Don Hucks has a crush on game theory—despite the fact that it won’t return his calls and hardly seems to notice that he’s alive. He hopes game theory will read this piece and that it will be moved to send him a kind email
and/or look him up on Facebook.
On April Fools Day my next door neighbor put grease on my doorknob.
I waited patiently a whole year and then I burned his house down. You should have seen the look on his face when he came home.
A year later he repaid me by slipping a ripe trout into my morning newspaper.
Again I waited, and when April first came around, I got up in the middle of the night and took the tunnel over to his place. (I always think ahead, and when the neighbor’s new house was under construction, I tricked the builder into connecting our basements by a secret underground passageway.) I climbed up through the trap door under the dumbwaiter and tiptoed upstairs and crept into his bedroom. (I had, of course, obtained a copy of the floor plan and committed it to memory.) After setting up the isoflurane apparatus, and testing the depth of anesthesia by pinching his toes, I sawed off his right arm at the elbow. I would love to have been there when he woke up. I like to imagine him reaching for the alarm clock and coming up a foot-and-a-half short. But, of course, I had to smuggle out the surgical kit and bury the arm in my garden before sun-up.
A year later the bastard seeded my flowerbeds with stinkweed. I didn’t even know it until the stuff started sprouting in May.

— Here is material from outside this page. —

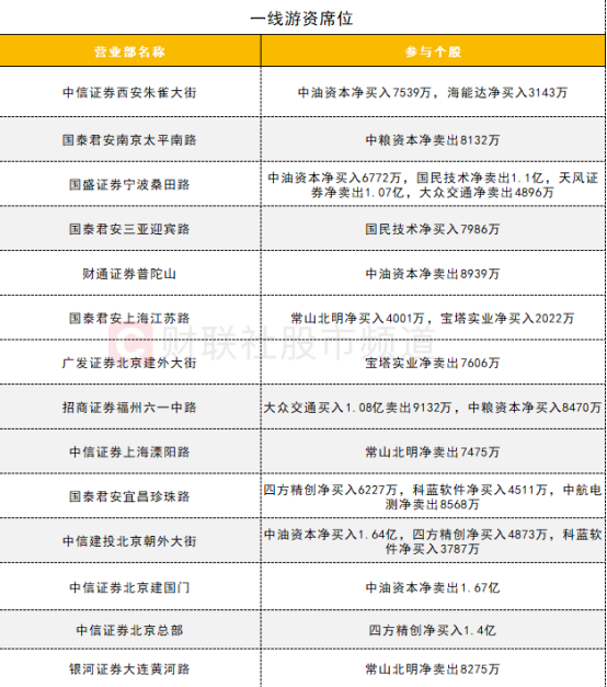 一线游资活跃度较高,今日部分高位股迎来修复,多股遭游资激烈博弈,其中中油资本获三家一线游资席位买入、两家一线游资席位卖出;中粮资本、常山北明、国民技术均有一线游资席位大幅买卖;跨境支付概念股四方精创获三家一线游资席位买入。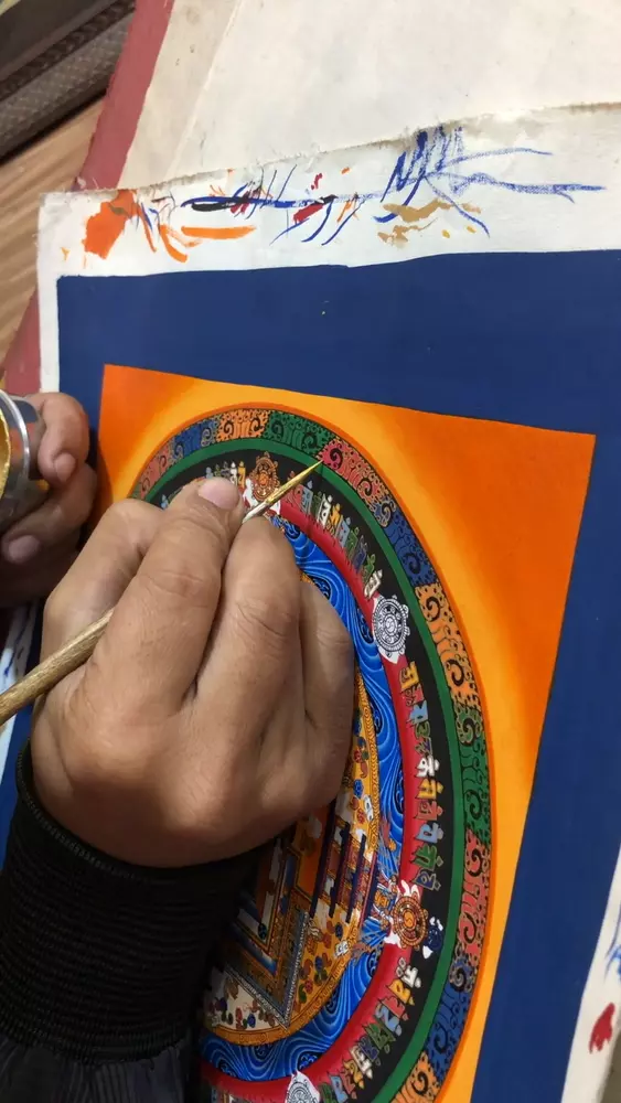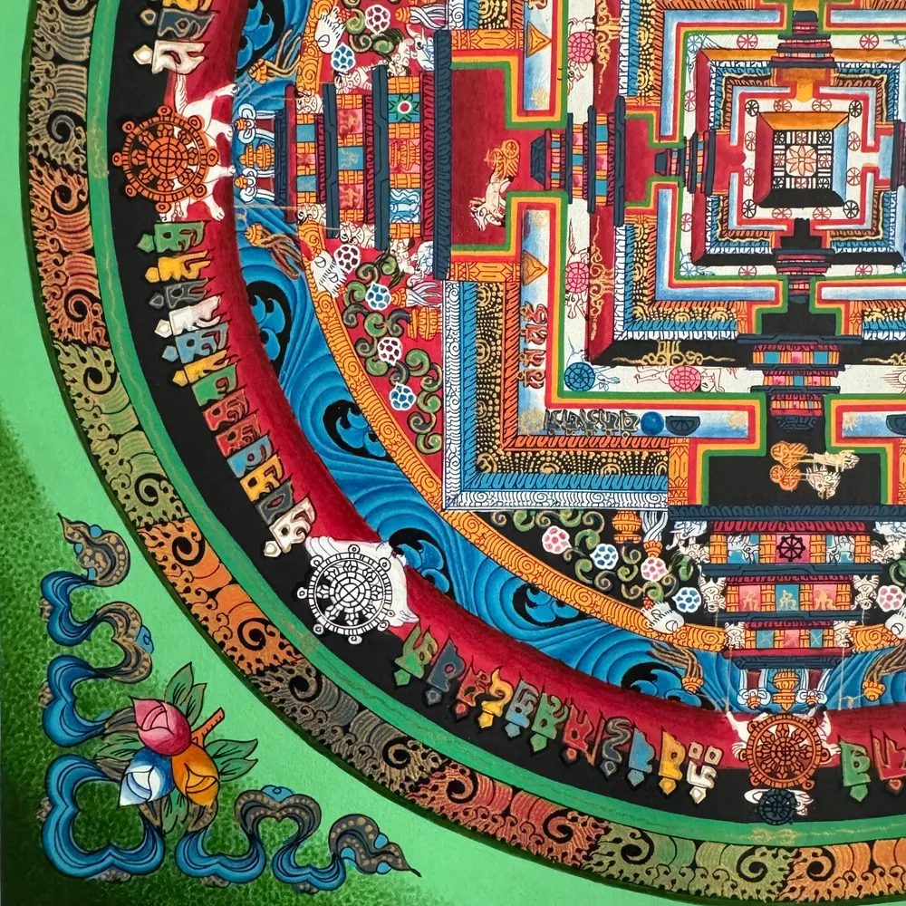 Namaste and Welcome to my Gallery!!! All of the paintings and arts in my gallery are originally handmade and hand-painted by my family members and other local artists who have been practicing their craft for over two decades. My father is Master Artists Nepal with an experience of more than four decades; you can see some of his work in this Gallery. Also you can see some of the beautiful and soulful artwork of talented local artists from Himalayas. ~~Kalachakra Mandala Thangka~~ Kalachakra Mandala is a Sanskrit word for “wheel of time”. The mandala of kalachakra is aerial view of the kalachakra temple, situated in Lhasa and contains 722 Deities, and at its heart on a Lotus flower, a single Buddha: Kalachakra. It is a 5 level structure, each level is represented by a square, and each square is set within the others. In mandala there are six circles of elements: wisdom, space, wind, fire, water and earth. Then we get to different entrance of the body, speech and mind. [Size = 37cm x 37cm] Material Used: • Cotton Canvas • Natural Pigments and colors • Gold leaf ~Excellent for meditation or home/office decor, ~Tibetan Yoga Wall Art ~Genuine 100% hand-painted from Himalayas Please feel free to contact me if you have any question regarding the painting.

So when it was my turn again, I introduced him to a slutty vampire I met at a Halloween party. She took him for drinks and to catch a band she wanted to see. The band wasn’t very good, but the bass player was an on-again-off-again fuck-buddy of hers. At four in the morning she rang my doorbell about twenty times, and of course she was drunk off her ass, but she had what she’d promised: the son-of-a-bitch’s soul in a Mason jar. I put it on the mantle, opposite my stack of second edition Millers, on the end closest to the window—where I knew, in a couple of hours, the morning sun would bring out its iridescence magnificently.

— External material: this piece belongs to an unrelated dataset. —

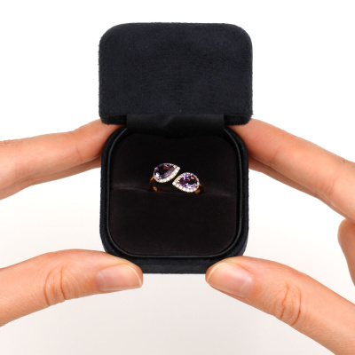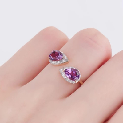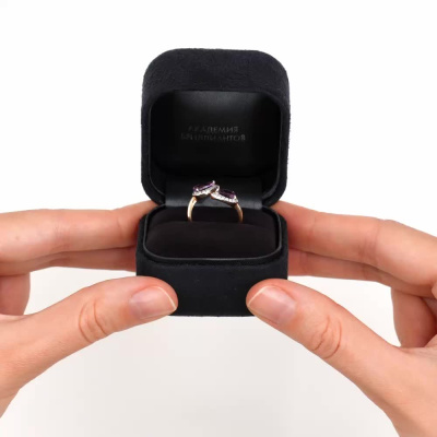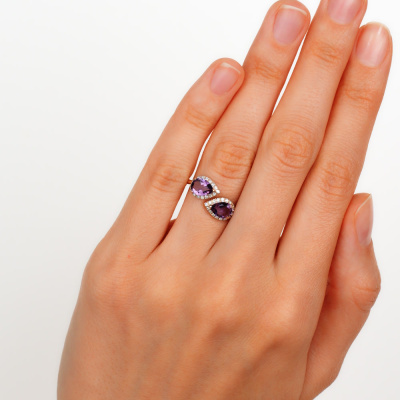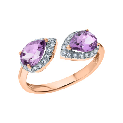 Кольцо с 34 бриллиантами природными, 0.11 карат, огранка круг 17 граней, цвет 2, чистота 2, тип огранки А; 2 аметистами природными, 1.24 карат; Розовое золото 585 пробы.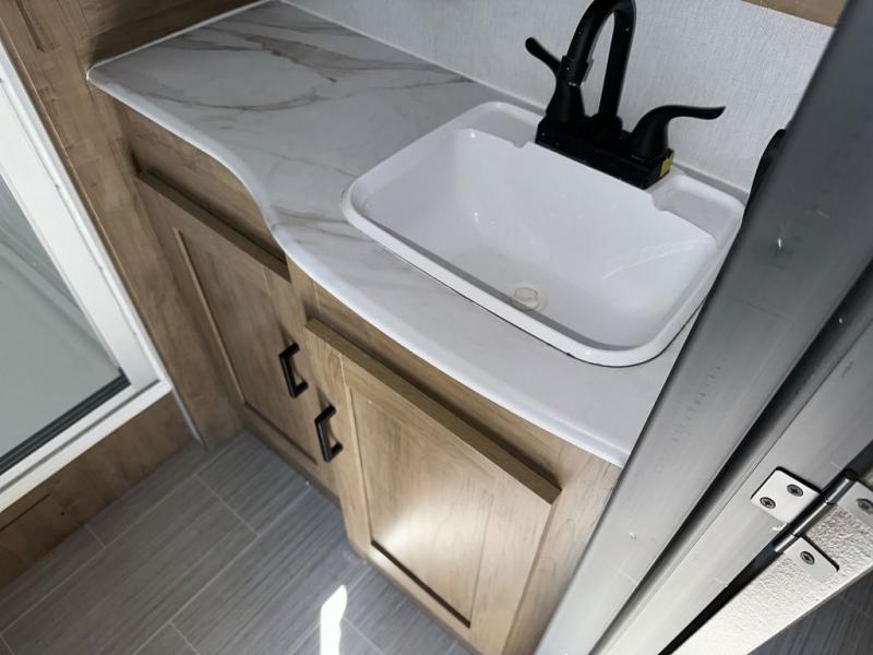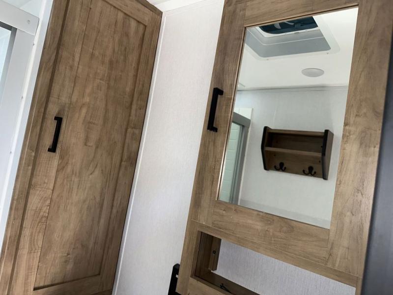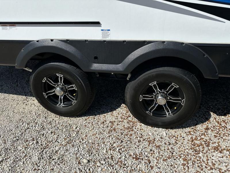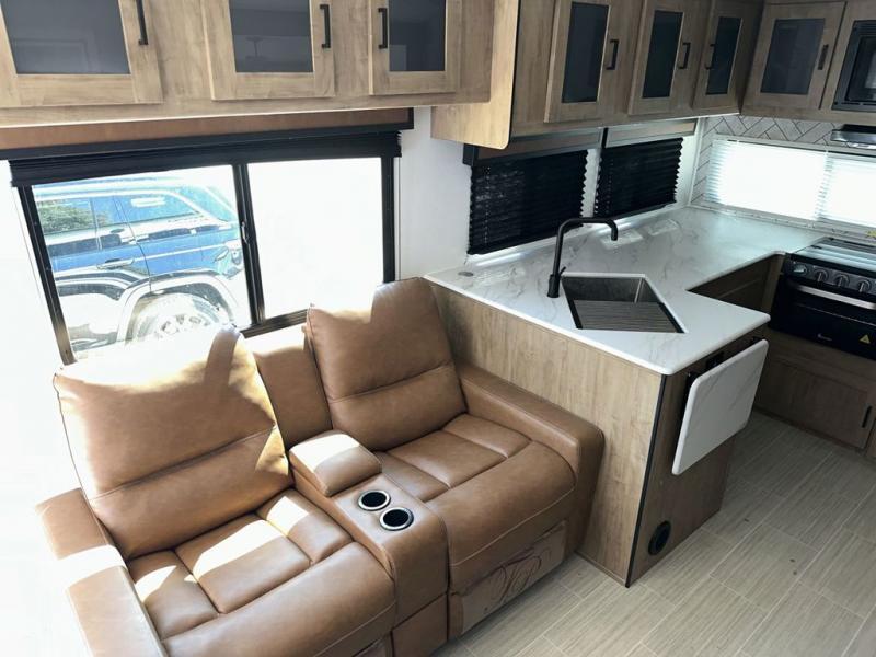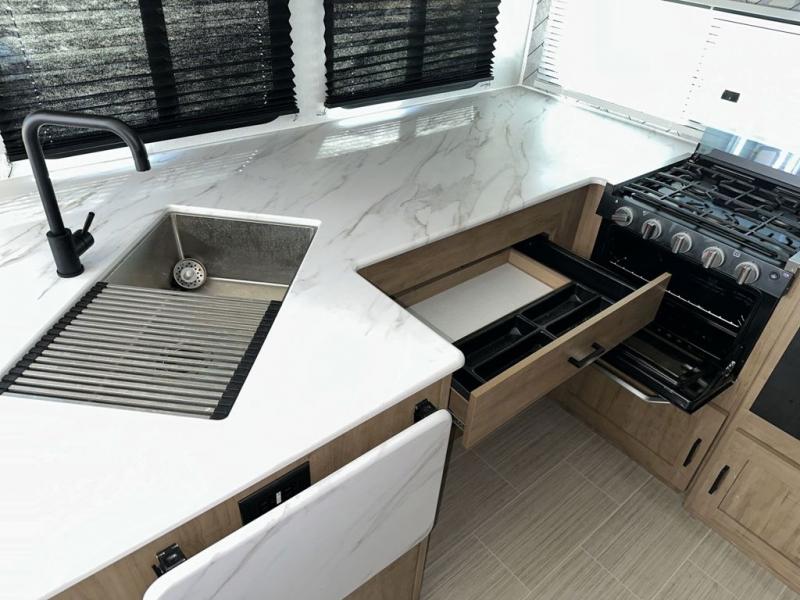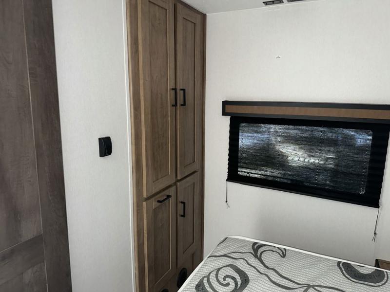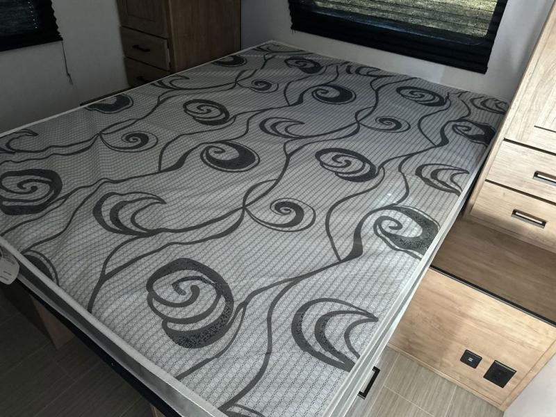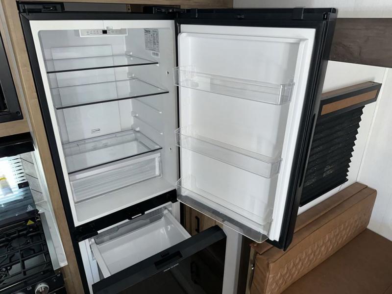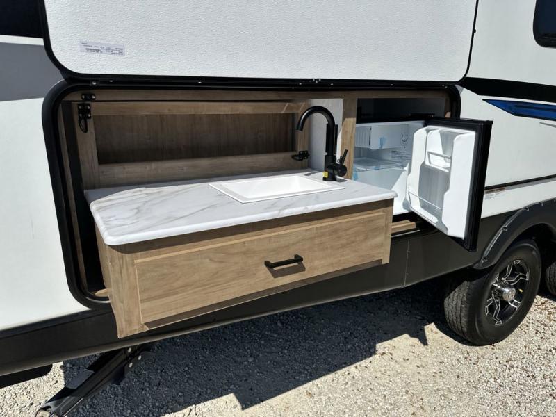 Are you looking for a travel trailer that will feel more like home? Look no further than this model that features a private bedroom up front, a full bath, plus a spacious rear kitchen. You will love to relax on the theatre sofa/hide-a-bed sofa across from the Smart TV and fireplace, and there is a booth dinette for dining. This model also includes a hidden pantry behind the TV for smart storage solutions. If the weather is nice you may just want to sit outdoors under the 18' power awning with LED lights. The chef of your group can prepare a meal on the pull-out camp kitchen, and the kids can grab their scooters from the pass-through storage.

I sat on the couch and the slutty vampire sat beside me. “It really completes the room,” she said. “What did you have in that spot before?”
I was still admiring the decor and didn’t even see her lean in. I felt her breath, hot on my neck. And her lips, soft and moist, just over my carotid. And then a little tongue but, to my tremendous relief, no tooth. We fooled around on the couch for a while and then she left.
The following year he left me alone.
And the year after that.
This year I took his soul down off the mantle and carried it next door. I knocked, and when he opened, I held out the jar. I told him he could have it back, that I didn’t want it anymore.
He said it wasn’t a good time but I could come back tomorrow if I liked. “It’s elimination night on Idol.... That English guy’s such a douche.” He grinned and nose-laughed a couple of puffs. “Bloody atrocious,” he barked in a vaguely northern accent and closed the door.
I took his soul back home and poured it down the kitchen sink. It smelled like almonds. I turned on the hot water full blast and squirted some dish soap at the drain, and I turned on the disposal and let it run until the comforting scent of artificial lemon was the only thing I could smell.